A source review of 200+ self-hosted multi-tenant AI/SaaS tools found 78 with cross-tenant data leaks via unguarded read endpoints, 31 filed as CVEs.

A security researcher source-reviewed over 200 multi-tenant AI and SaaS products for a single recurring flaw: authorization checks enforced on write endpoints but skipped on the neighboring read endpoints for the same object. The result was 84 confirmed cross-tenant data exposures across 78 products, with 31 already filed as GitHub Security Advisories. Findings were verified on isolated, self-hosted Docker instances using synthetic accounts and canary data, reproduced with an open-source multi-tenant isolation checker (Sectum AI), and confirmed against database ground truth.

The bug pattern was strikingly consistent: a developer adds an ownership check to a delete endpoint but never copies it to the adjacent list/get/search endpoint, which then fetches records by a raw, often-guessable ID with no tenant filter.
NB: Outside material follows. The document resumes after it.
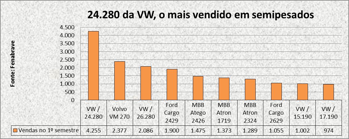 A Volkswagen Caminhões, com o modelo 24.280, encerrou o período de janeiro a junho com vendas totais de 4.255 unidades do modelo, o que representa 79% a mais se comparado ao segundo colocado em vendas, o Volvo VM 270, que teve 2.377 unidades vendidas no mesmo período.
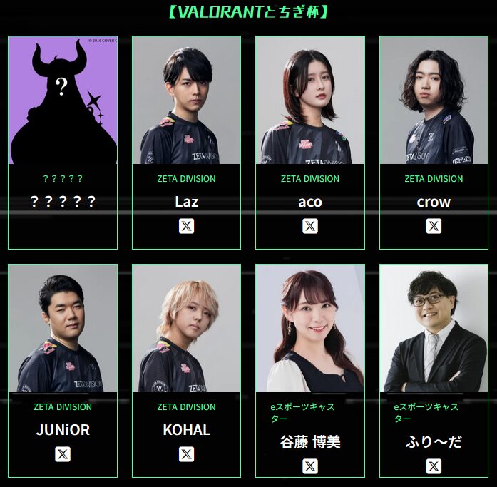 VALORANT とちぎ杯では、下記画像の通り ZETA DIVISION から 5 名の選手がゲストとして登場します。また、e スポーツキャスターもゲストとしてお迎えしており、大会ならではの熱い実況が繰り広げられるのではないでしょうか。

A nastier variant authorizes the request path rather than the requested object, letting an attacker pair their own valid workspace ID with a victim's object ID — enabling raw RAG-vector reads or connector re-indexing that exfiltrates another tenant's data using their own stored OAuth credentials.

Five products — SurfSense, AnythingLLM, Baserow, aideepin, and Flagsmith — have shipped public fixes and are named; the remaining 79 findings stay under a 90-day coordinated-disclosure hold. Open WebUI, Langfuse, LibreChat, and Outline passed the isolation check on current releases, while Flowise, Mem0, MaxKB, and vLLM turn out not to be multi-tenant at all in their open-source editions. The practical takeaway for engineers: authorize reads as strictly as writes, treat embeddings and cache keys as tenant-scoped data, and verify — rather than assume — the isolation wall in any self-hosted multi-tenant deployment.